What you need to do —
Using the data beneath this instruction, retype only the lines from the one that contains "Hello Fall Pumpkins" down to the one that contains "Ποιος λέει ότι", both included, exactly as they appear.

Data in this exercise —
◆ ◆ ◆
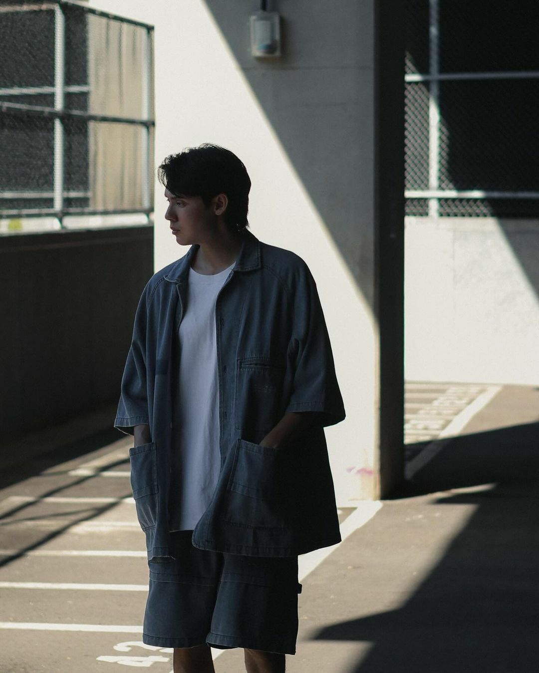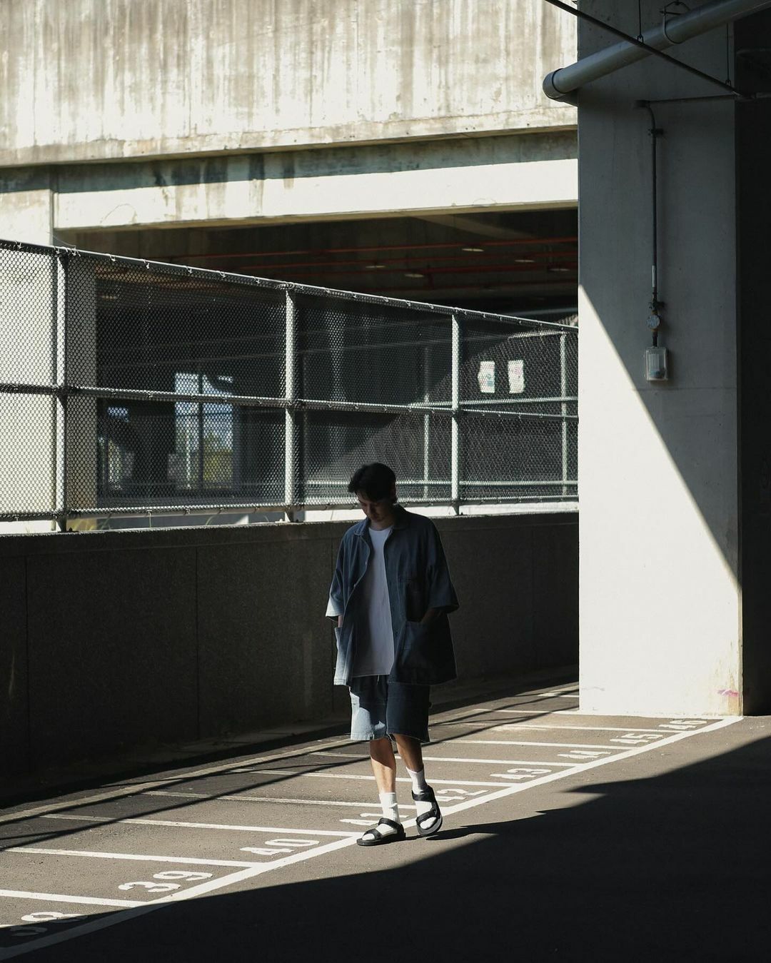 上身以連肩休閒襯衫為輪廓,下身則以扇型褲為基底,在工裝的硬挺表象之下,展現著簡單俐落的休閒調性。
◆ ◆ ◆
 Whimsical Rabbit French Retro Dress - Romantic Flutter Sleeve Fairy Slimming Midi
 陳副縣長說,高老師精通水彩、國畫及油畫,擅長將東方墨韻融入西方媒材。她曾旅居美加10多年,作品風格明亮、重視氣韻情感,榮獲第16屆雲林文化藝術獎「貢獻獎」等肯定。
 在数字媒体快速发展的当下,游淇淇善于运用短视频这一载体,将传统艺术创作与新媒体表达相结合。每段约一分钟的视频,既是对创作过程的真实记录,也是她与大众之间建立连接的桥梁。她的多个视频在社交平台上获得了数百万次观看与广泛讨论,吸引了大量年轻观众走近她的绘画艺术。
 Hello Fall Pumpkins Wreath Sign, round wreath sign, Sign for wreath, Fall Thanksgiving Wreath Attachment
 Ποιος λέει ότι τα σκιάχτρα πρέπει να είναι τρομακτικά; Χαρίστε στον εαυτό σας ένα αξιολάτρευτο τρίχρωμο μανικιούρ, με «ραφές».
◆ ◆ ◆
Exercise output —
 Hello Fall Pumpkins Wreath Sign, round wreath sign, Sign for wreath, Fall Thanksgiving Wreath Attachment
 Ποιος λέει ότι τα σκιάχτρα πρέπει να είναι τρομακτικά; Χαρίστε στον εαυτό σας ένα αξιολάτρευτο τρίχρωμο μανικιούρ, με «ραφές».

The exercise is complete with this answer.